NRL – Abolish The Salary Cap
Canterbury Bulldogs star, Sonny Bill Williams, wants more money. He is currently in the first year of a five year deal with the Bulldogs worth $400,000 a season. He says he is being underpaid.
He is right.
The NRL is starting to lose players to European clubs, not so heavily constrained by such meagre salaries. The wages and sponsorship of Williams, Gasnier, Lockyer et al, on the other hand, are kept artificially low by the NRL salary cap of $4.1mm per club. Williams supports the cap but wants the chance to earn more via sponsorship. This, the NRL correctly replied, is effectively the same as raising the salary cap.
NRL introduced a salary cap in the early 1990s with the laudable goal of increasing competition amongst the League’s teams.

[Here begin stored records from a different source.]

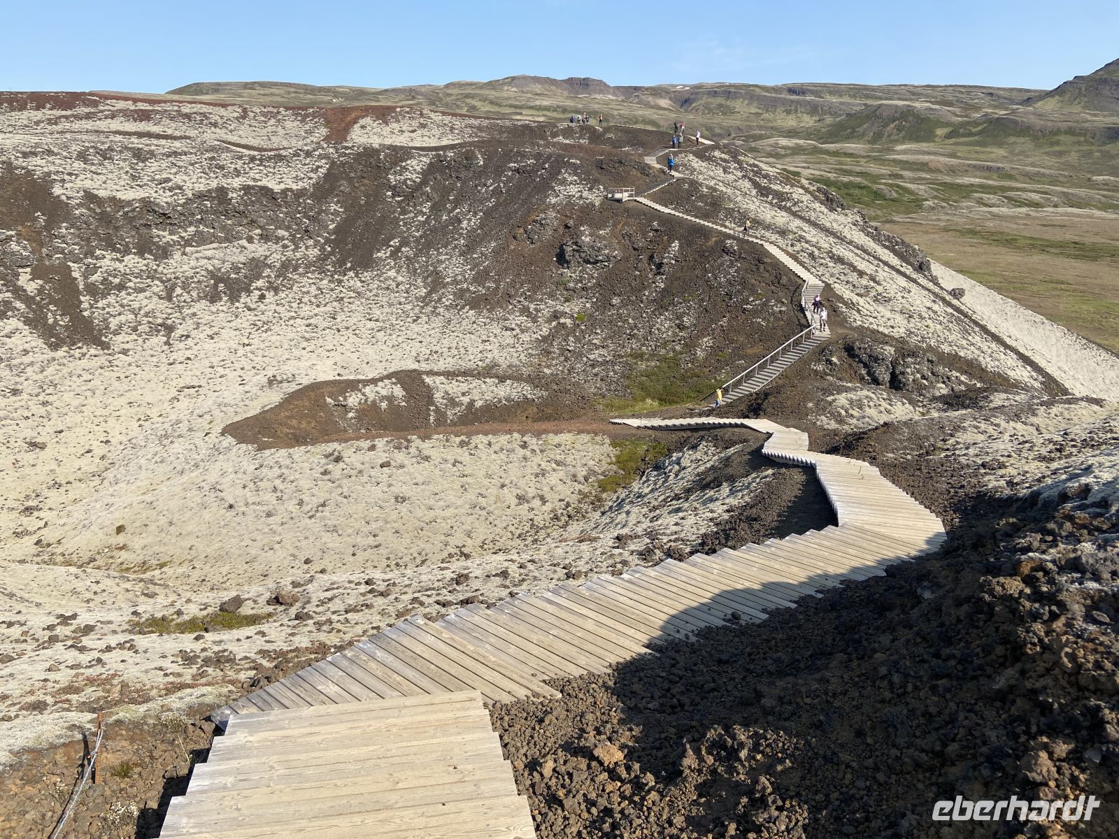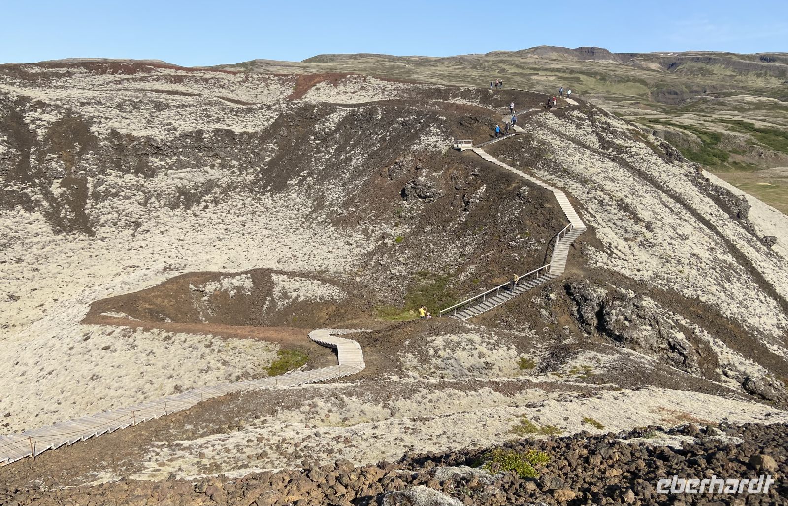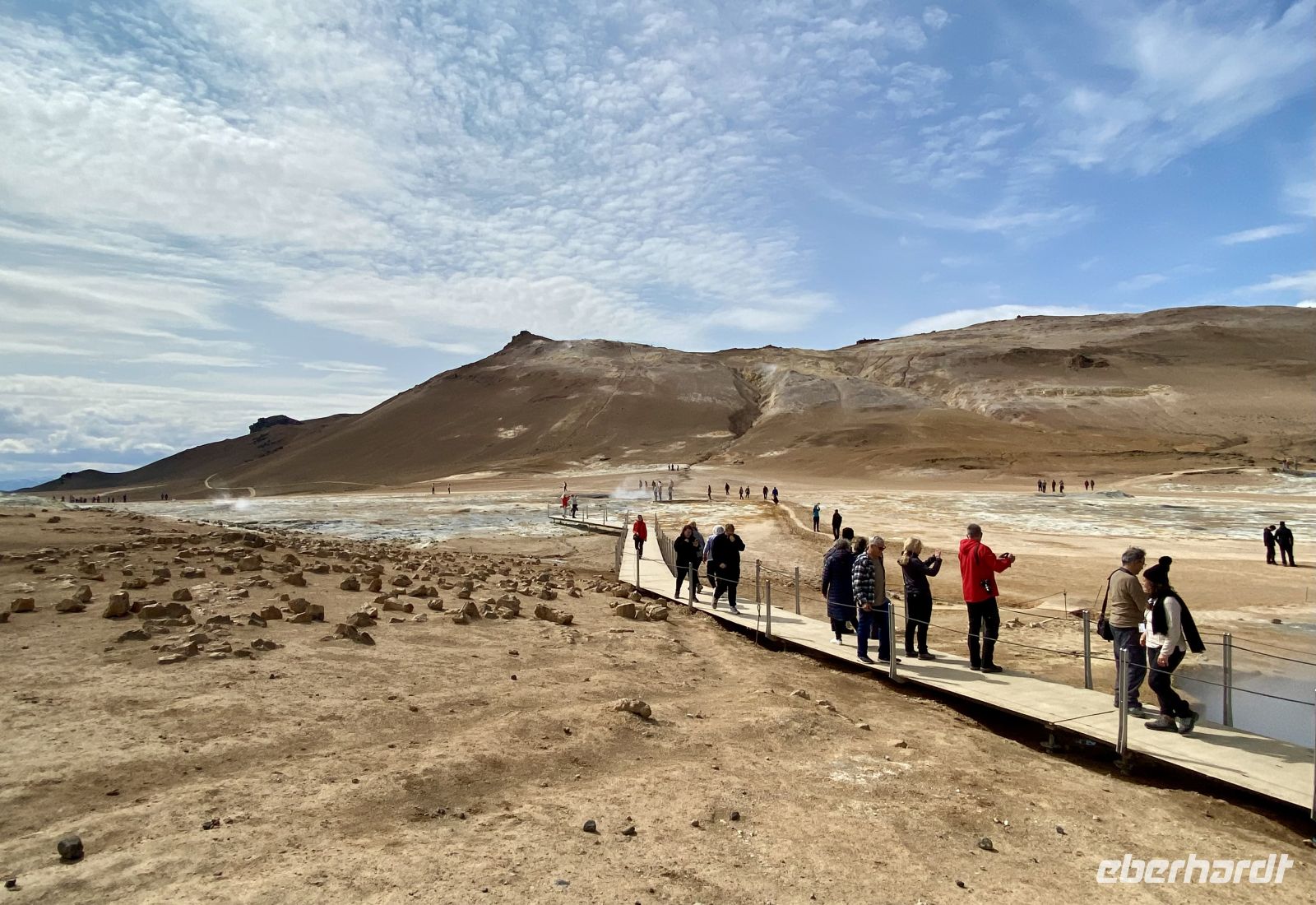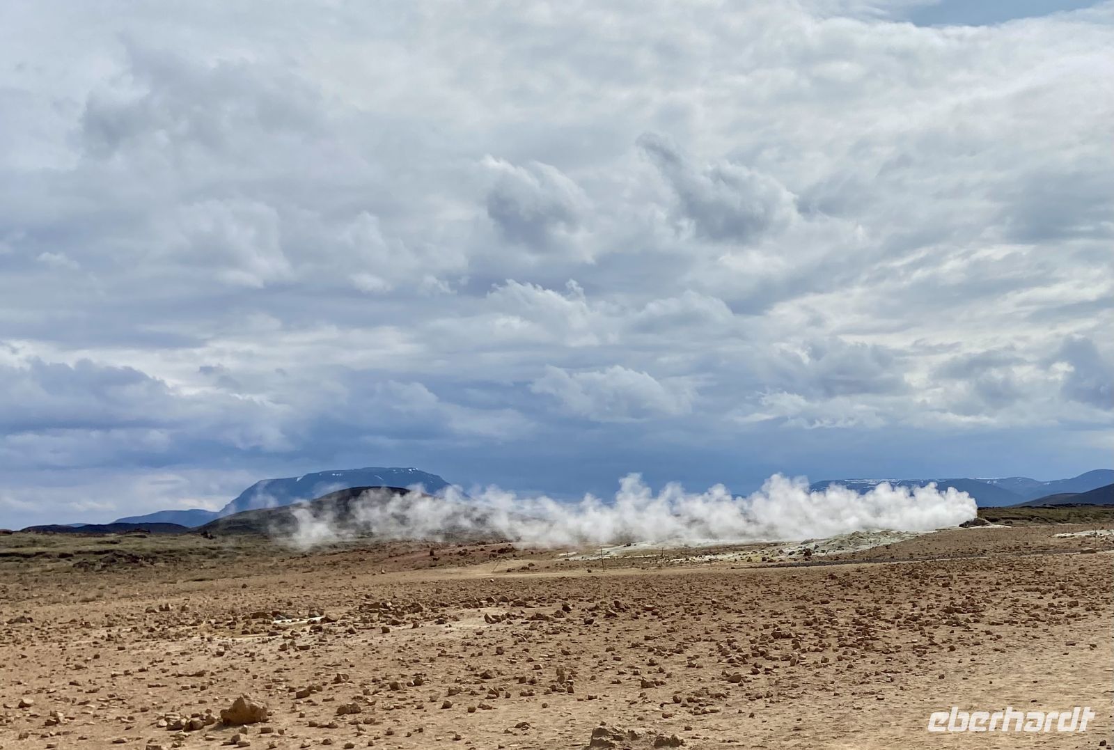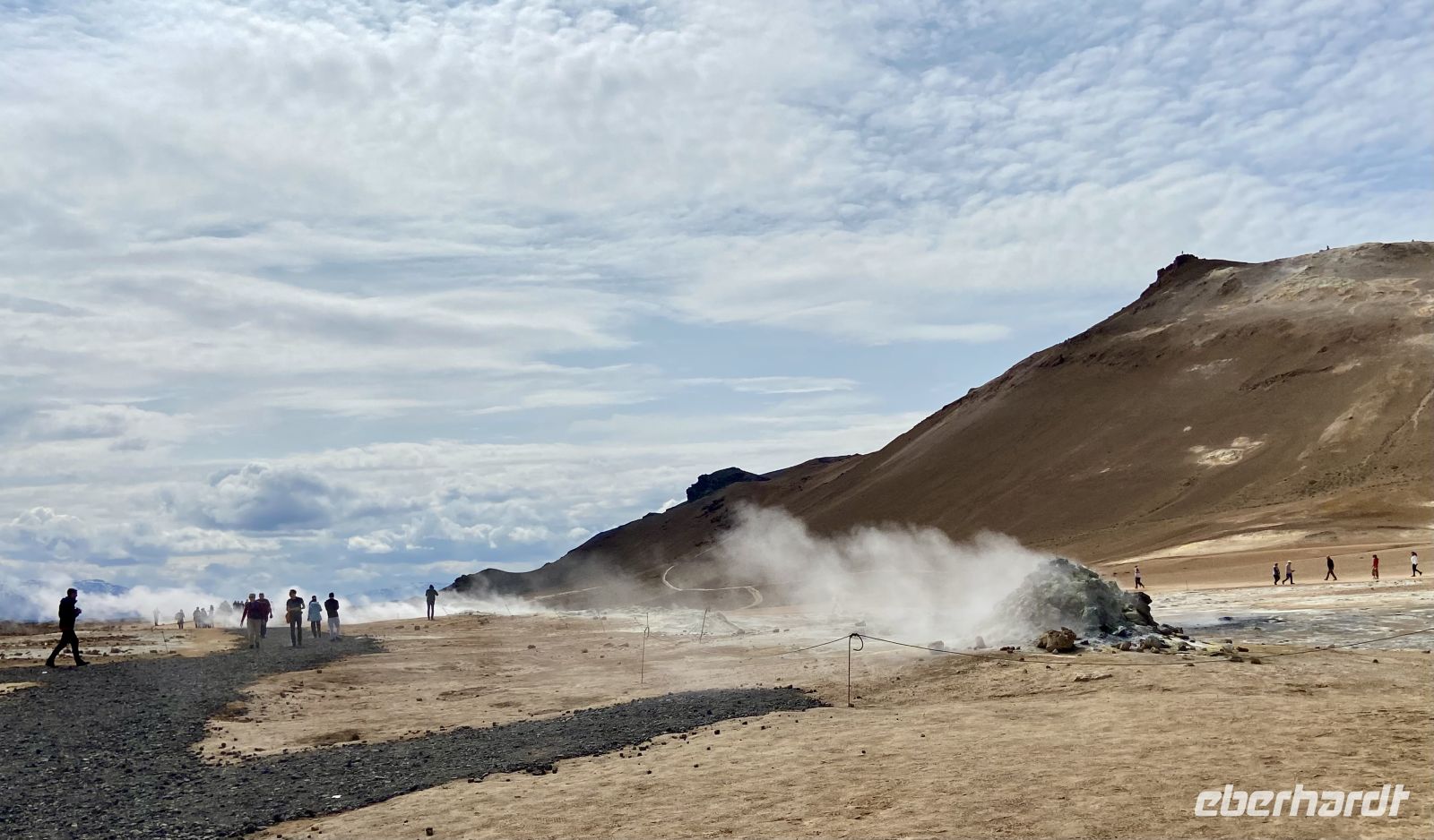 Eines der berühmtesten Hochtemperaturgebiete Islands liegt am Fuße des Berges Námafjall, ist „höllisch“ beeindruckend, aber auch nicht ganz ungefährlich. Hverarönd, oft auch Námaskarð genannnt, lässt erahnen, warum Schwefel gerne mit dem Teufel in Verbindung gebracht wird. Dieses bizarre Hochtemperaturgebiet mit seinen kochenden Schlammlöchern, den aufsteigenden Dampfsäulen und dem starken Geruch, fast möchte man sagen Gestank, ist beeindruckend und vermittelt ein Gefühl dafür, welche Kräfte und welche Hitze im Innern der Erde toben. Früher wurde hier am Berg Námafjall Schwefel – zum Beispiel zur Herstellung von Sprengstoff – abgebaut und über den Hafen von Húsavík exportiert. Seine hohen Temperaturen und seine Energie verdankt das Gebiet dem Krafla-Vulkansystem, dessen Hauptvulkan 8 Kilometer nördlich liegt.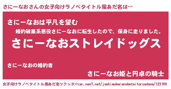 | ヒーロー風カッコイイあだ名 | 『最強戦士サニーナオ』『暗黒騎士サニ』 |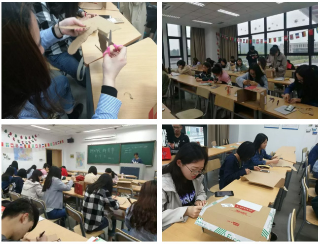 首先,我们提前一周呼吁大家收集身边的废弃快递纸箱,并带至班会活动中,同学们在寝室里收集了一星期的快递所用的箱子。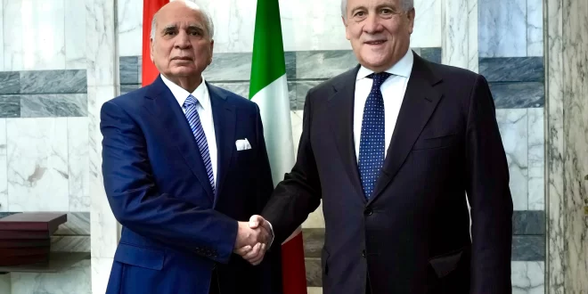 وذكر بيان للوزارة تلقته (اليوم الاخبارية ) أن “وزير الخارجية التقى نظيره نائب رئيس مجلس الوزراء ووزير الخارجية الإيطالي، أنطونيو تاياني، وذلك في إطار زيارته الرسمية إلى روما، حيث جرى بحث العلاقات الثنائية بين البلدين وتطورات الأوضاع الإقليمية”.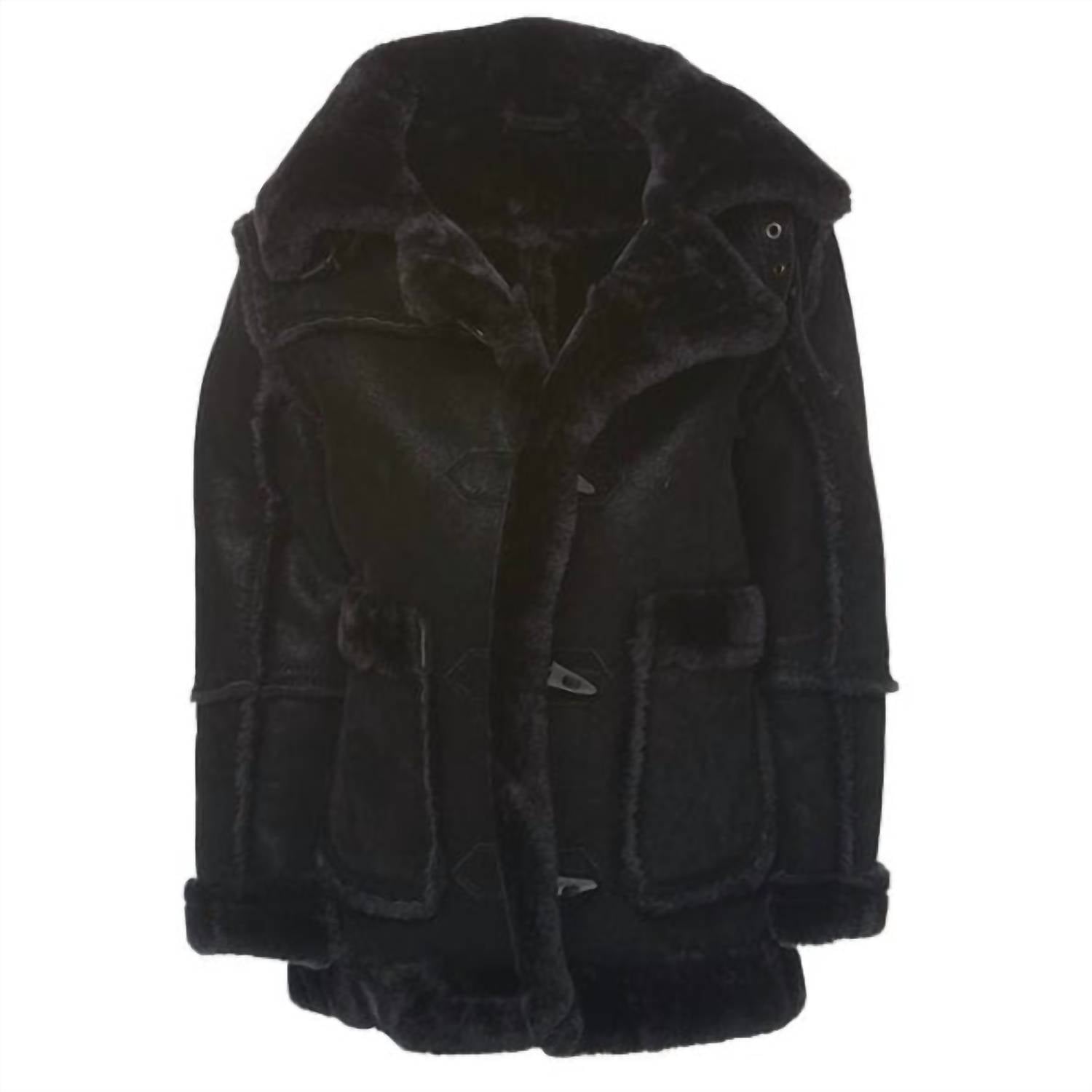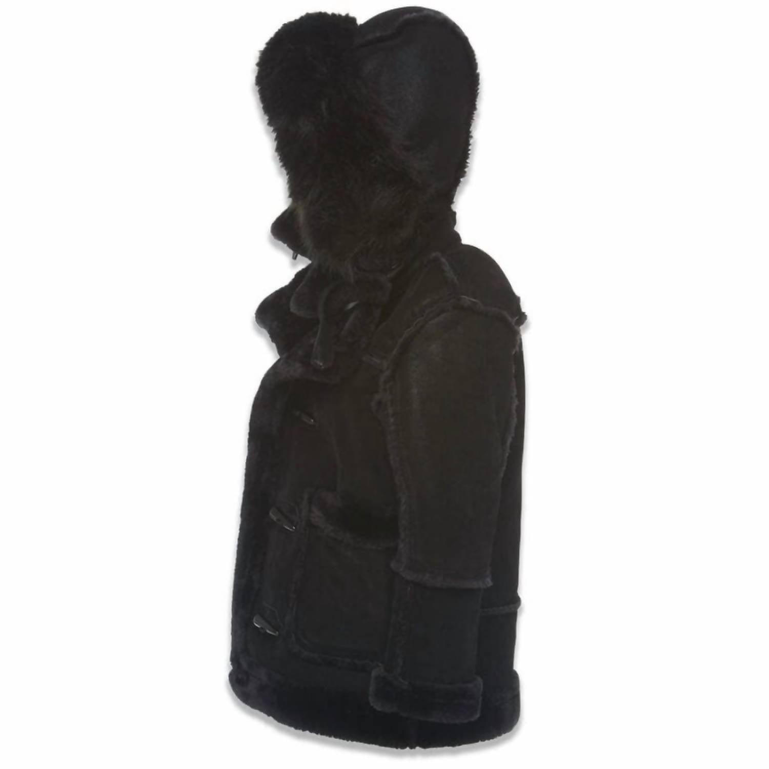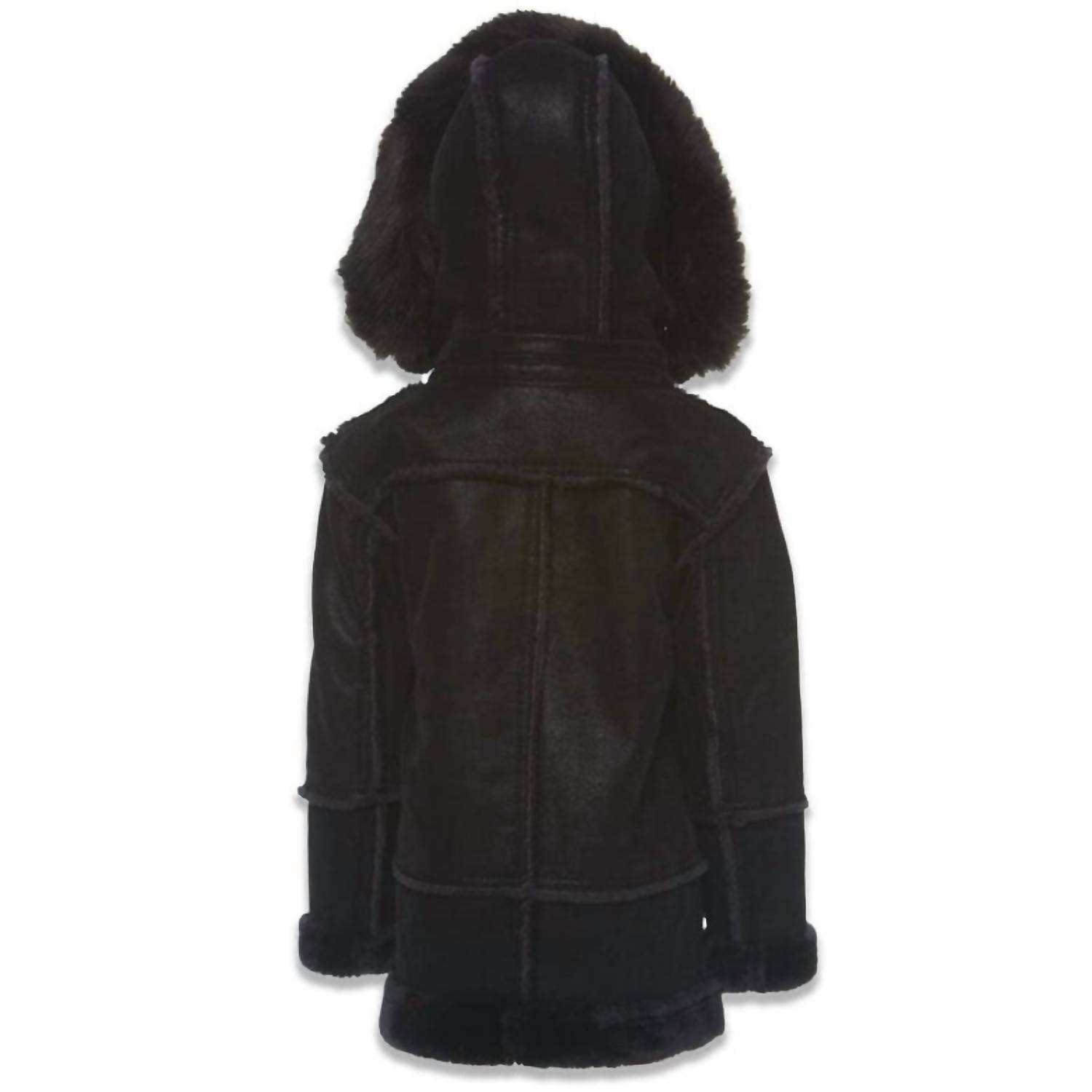 Perfect for your little one's winter wardrobe. Stylish piece features plush faux shearling lining throughout, offering warmth and comfort with accented shearling pockets and a horn toggle front closure. Crafted from a faux suede body with vegan suede straps and a buckle at the neck, also comes with a detachable faux fox fur hood for versatile wear. Care instructions: Hand wash this jacket to maintain its quality and texture.

Who, goes the thinking, would want to watch a League in which only the richest three or four clubs stood a chance of winning?
Well, half the population of the U.K. for a start. The British Premiership is such a League and you’ll not find any salary caps here. In fact Christiano Ronaldo is currently negotiating a new contract with Man United worth $15mm in wages alone, three times as much as the entire Bulldogs squad combined. At the start of each Premiership season, everyone knows that only Man United, Chelsea and Arsenal have a chance of winning (i’m sorry Liverpool fans – it ain’t going to happen). The rest are there solely to make up the numbers. Hence fan attendance has plummeted and ticket prices are being slashed to try and bring back the fans.